その後、龍一(仮名)は、シノギのクラブで抗争事件が発生し、関西に流れボクシングジムに通いながら、ある武闘派への入門を果たします。

それから10年の月日が流れ、共に鉄骨の世界で汗を流した会社の親父(社長)が亡くなったということを、風の便りに聞きました。
当時、私が相場の5千円を包んだ時、神戸ナンバーのベンツを何台も連ねて駆けつけて来た龍一は、桁が二つ多かったと、後に喪主から聞きました。

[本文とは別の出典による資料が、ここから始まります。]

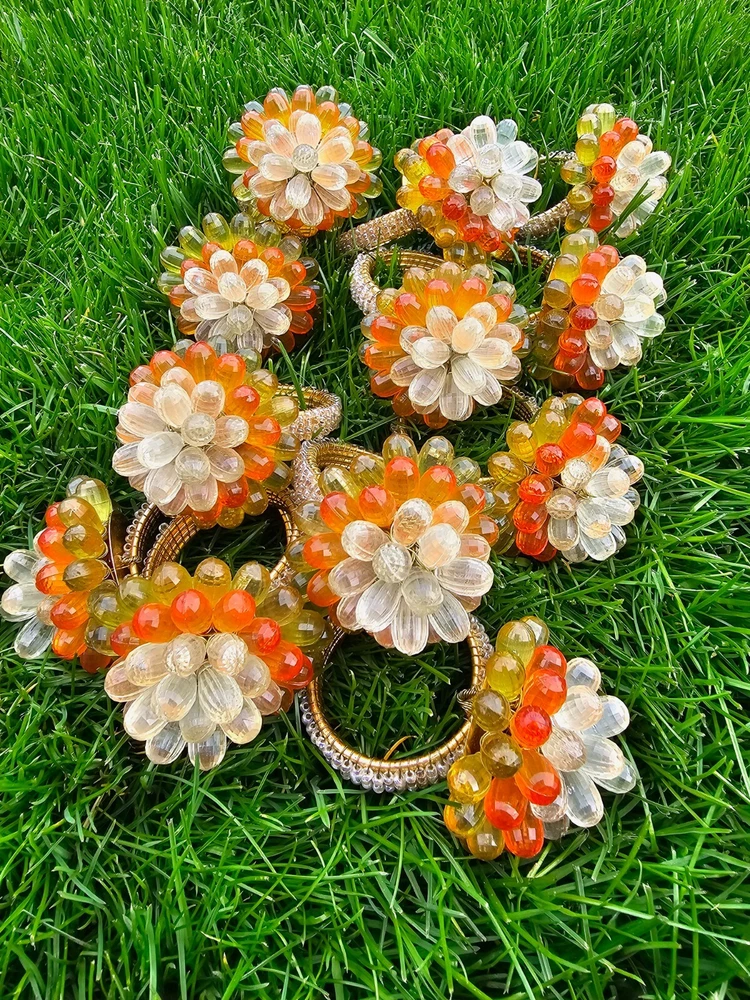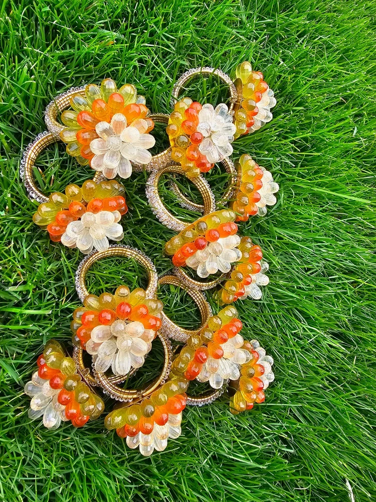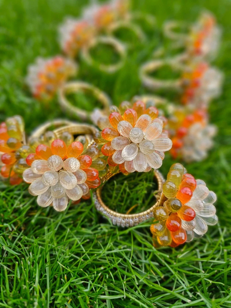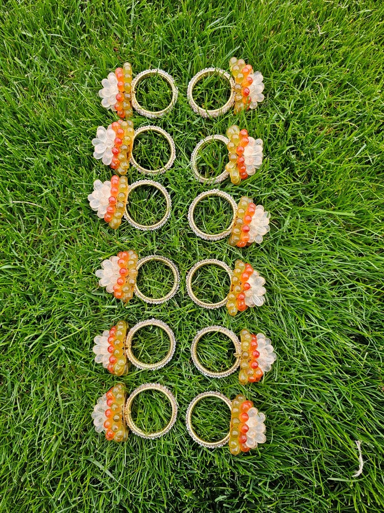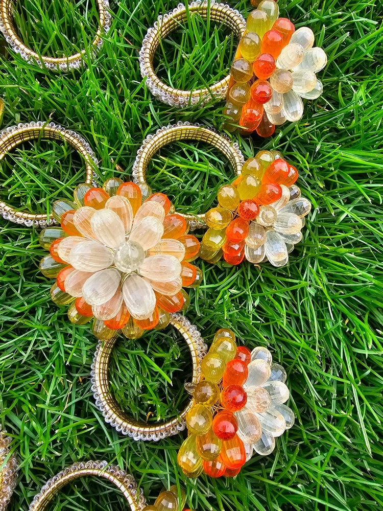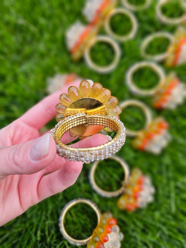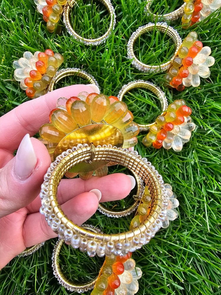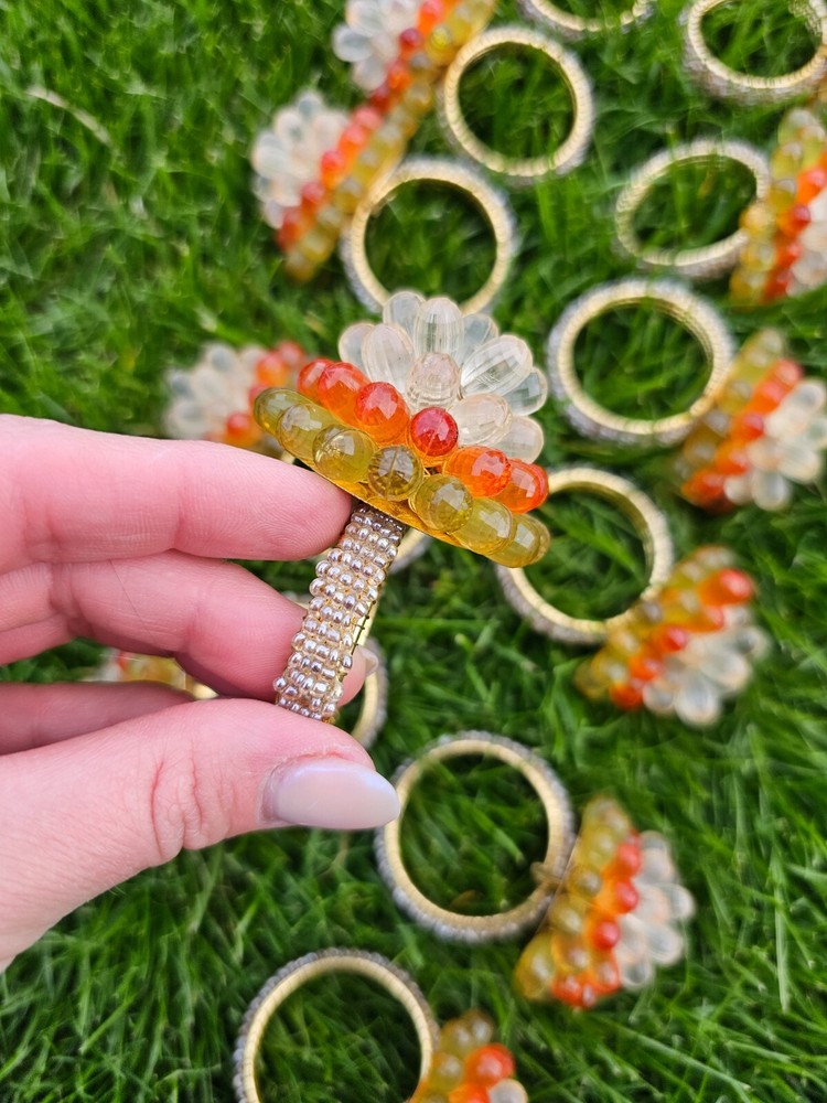 Vintage Mid Century Modern Vibe Orange Yellow Clear Faceted Bead Napkin Rings 12 napkin rings...
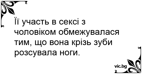 Її участь в сексі з чоловіком обмежувалася тим, що вона крізь зуби розсувала ноги.
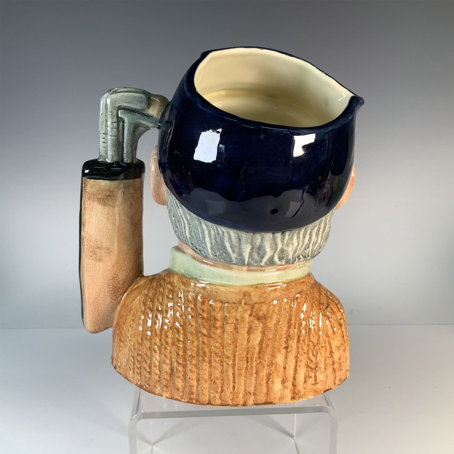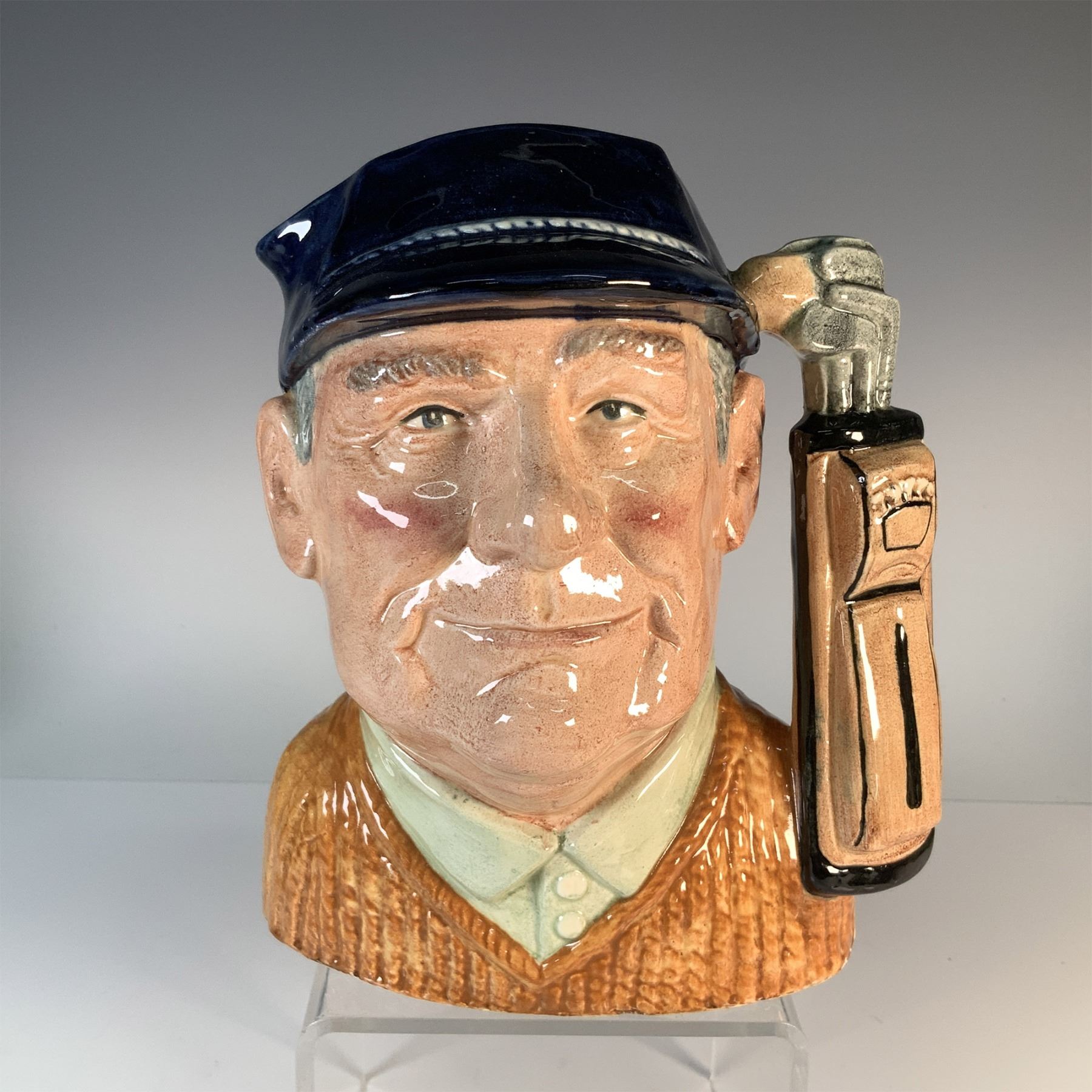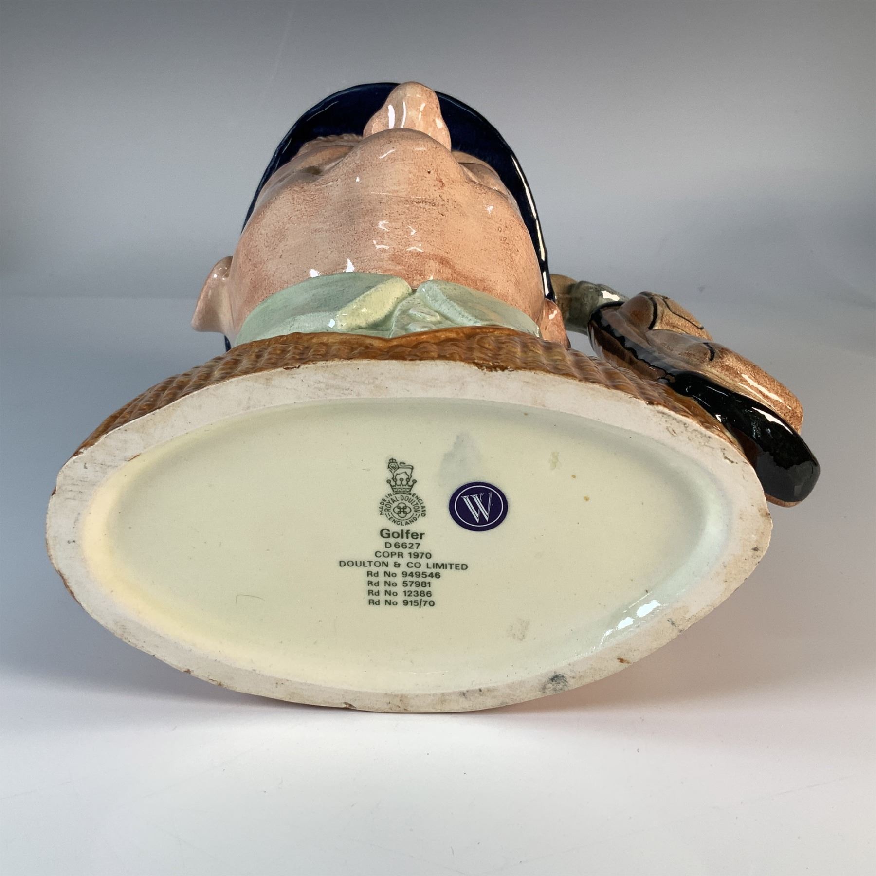 This Royal Doulton Golfer character jug was introduced in 1970 and features a finely crafted depiction of a golfer with detailed features, wearing a cap and accompanied by a golf bag. Made in England, this collectible ceramic piece is part of Royal Doulton's iconic character jug series, known for its intricate artistry and cultural significance. The underside bears the Royal Doulton backstamp along with the model number and copyright details.

堅気の世界にきっぱりと背を向けた人間、極道の義理事はあり得ない。
最後まで人情の世界では超えられなかった弟のことは、棲む社会で人間を測ることはできないという教訓を残してくれました。

事実、お茶の間の人気者だった若者が、浴びた返り血でVIPルームへの札を数えるという、鬼畜にも劣る所業が報道されております。一方では、桁違いの黒い札を、汗をかくこともなく、ダーバンの内ポケットに忍び込ませ、口角を上げる成功者がいるという現実もあります。

さて、本当に罪深いのはどちらなのか。。

正義を掲げる社会が不正を孕みながら栄えれば栄えるほど、悪もまた地下深く繁栄するでしょう。顔が違うだけで、根は同じだからです。

自分の反省も含め、社会の陰の部分にも光を導く努力が必要なのではないかと思います。

最後までお読みいただきありがとうございました。